On Wednesday, Chicago Mayor Rahm Emanuel appeared on “CBS This Morning” to tout his newest proposal, which would require students to have a plan for their future before they would be allowed to receive a high school diploma.

“We live in a period of time where you earn what you learn,” Emanuel said. “The school system of K through 12 is not applicable to the world and the economy and the world that our high school students are graduating to. So we’re moving to a pre-K to college model.”

The proposal would require that graduating students produce an acceptance letter or other proof of their plans to move forward to a four-year university, a community college, a trade school or apprenticeship, an internship, or a branch of the armed services before they would be allowed to receive a high school diploma.
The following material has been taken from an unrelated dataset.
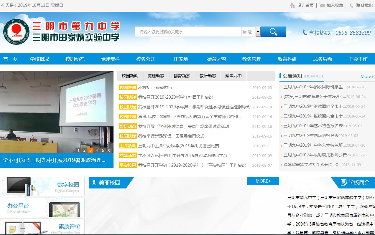 三明市第九中學(xué)(三明市田家炳實驗中學(xué))創(chuàng)辦于1959年,前身是三明化工總廠中學(xué),1998年6月從企業(yè)剝離,成為三明市教育局直屬的高級中學(xué),2006年5月被省教育廳確認(rèn)為省一級達(dá)標(biāo)中學(xué)(我省第一所躋身省一級達(dá)標(biāo)中學(xué)的企業(yè)剝離學(xué)校)。2006年11月由香港著名實業(yè)家田家炳先生慷慨捐資,經(jīng)市教育局同意,被命名為“三明市田家炳實驗中學(xué)”。學(xué)?,F(xiàn)有39個教學(xué)班,學(xué)生1900多人,教職工169名,特級教師2人,高級教師62人,省市學(xué)科帶頭人、教壇新秀、骨干教師27人。2018年3月,學(xué)校被確立為省首批示范高中建設(shè)學(xué)校。近年來,學(xué)校獲得了全國美術(shù)教育特色學(xué)校、全國學(xué)校藝術(shù)教育工作先進(jìn)單位、全國青少年普法教育先進(jìn)單位、省級文明學(xué)校、省五一勞動獎狀、省德育工作先進(jìn)學(xué)校、省中小學(xué)校藝術(shù)教育工作先進(jìn)集體、省中學(xué)示范圖書館、省依法治校示范學(xué)校、省現(xiàn)代教育技術(shù)實驗學(xué)校、省科技教育基地學(xué)校、省基礎(chǔ)教育學(xué)科(美術(shù))教學(xué)研究基地學(xué)校、省市學(xué)校特色發(fā)展項目試點校等多項榮譽(yù)。辦學(xué)特色鮮明。立足生源實際,因材施教,突出創(chuàng)建美術(shù)教育辦學(xué)特色,取得了一定的成效,每年都有近300名學(xué)生錄取到高校美術(shù)類本科專業(yè)學(xué)習(xí),為全國各大美院、高等院校輸送了一大批品學(xué)兼優(yōu)的美術(shù)類學(xué)生。連續(xù)七年,美術(shù)類學(xué)生專業(yè)、文化本科雙上線人數(shù)列全省高中校第一。宏志班成品牌。2002年7月以來,學(xué)校每年面向全市招收一個教學(xué)班的品學(xué)兼優(yōu)、家庭經(jīng)濟(jì)困難的宏志班學(xué)生,成立“宏志班獎學(xué)助學(xué)基金”,保證宏志班學(xué)生不因經(jīng)濟(jì)困難而輟學(xué)。以“特別有禮貌、特別有紀(jì)律、特別能吃苦、特別會感恩、特別有志氣、特別有作為”為班訓(xùn)的宏志班同學(xué)在校表現(xiàn)良好,學(xué)風(fēng)特別端正,成為全市學(xué)生的榜樣。已畢業(yè)的十屆宏志班學(xué)生高考本科上線率為100%,本一上線率達(dá)50%以上。校園活動豐富。學(xué)校十分注重學(xué)生的個性發(fā)展,積極開展豐富多彩的課余活動。學(xué)校建有動漫社、書法社、攝影社、意大利語社、模型社、科學(xué)制作社、科學(xué)dv社、花樣跳繩社、乒乓球社等30多個學(xué)生社團(tuán),將學(xué)生社團(tuán)活動納入學(xué)校的選修課程和校本課程體系中,社團(tuán)活動逐步課程化。辦學(xué)模式創(chuàng)新。作為北京外國語大學(xué)PASS留學(xué)基地分部,依托北京外國語大學(xué)特有的國際教育資源優(yōu)勢,與北京外國語大學(xué)合作舉辦國際課程班(面向全市初中畢業(yè)生招生)、留學(xué)意大利直通車課程班(面向高考后的高三畢業(yè)生)。2014年12月,首屆直通車課程班學(xué)生全部被意大利博洛尼亞大學(xué)、那不勒斯美術(shù)學(xué)院、比薩大學(xué)等高校錄取,并赴意大利留學(xué),成為我市高中首批國際留學(xué)生。教學(xué)質(zhì)量提升。面向全體學(xué)生,實施分層次教學(xué),推行“先學(xué)后研、五環(huán)導(dǎo)學(xué)”高效課堂教學(xué)模式,積極開展課題研究,開發(fā)校本課程,編寫校本教材,教學(xué)質(zhì)量顯著提高。近年來,高考成績穩(wěn)中有升,每年高考上線率均在99%以上,本科上線人數(shù)達(dá)500人以上,本科上線率達(dá)70%以上。學(xué)校堅持讓每一個學(xué)生走向成功的辦學(xué)理念,堅持嚴(yán)管理、重創(chuàng)新、求實效、出特色的辦學(xué)思路,堅持“三化”(教育教學(xué)管理規(guī)范化,辦學(xué)模式國際化,教育理念、教育設(shè)施、教育手段現(xiàn)代化)、“三特”(教師有特點、學(xué)生有特長、學(xué)校有特色)、“三名”(名教師、名學(xué)生、名學(xué)校)學(xué)校發(fā)展新時期的戰(zhàn)略定位。全體師生凝心聚力,正朝著創(chuàng)特色高中、建福建名校的目標(biāo)邁進(jìn)。

“Around 62 percent of our kids are already either accepted into college or accepted into community college, and our goal is to make sure nobody spikes the ball at 12th grade,” Emanuel said on Wednesday. “We want to make 14th grade universal. That’s the new goal line.”

“We want to make sure our kids do not see graduation from high school as the end point, but all of them have a plan and all of them have a specific acceptance on how to go to post-high-school education,” he added.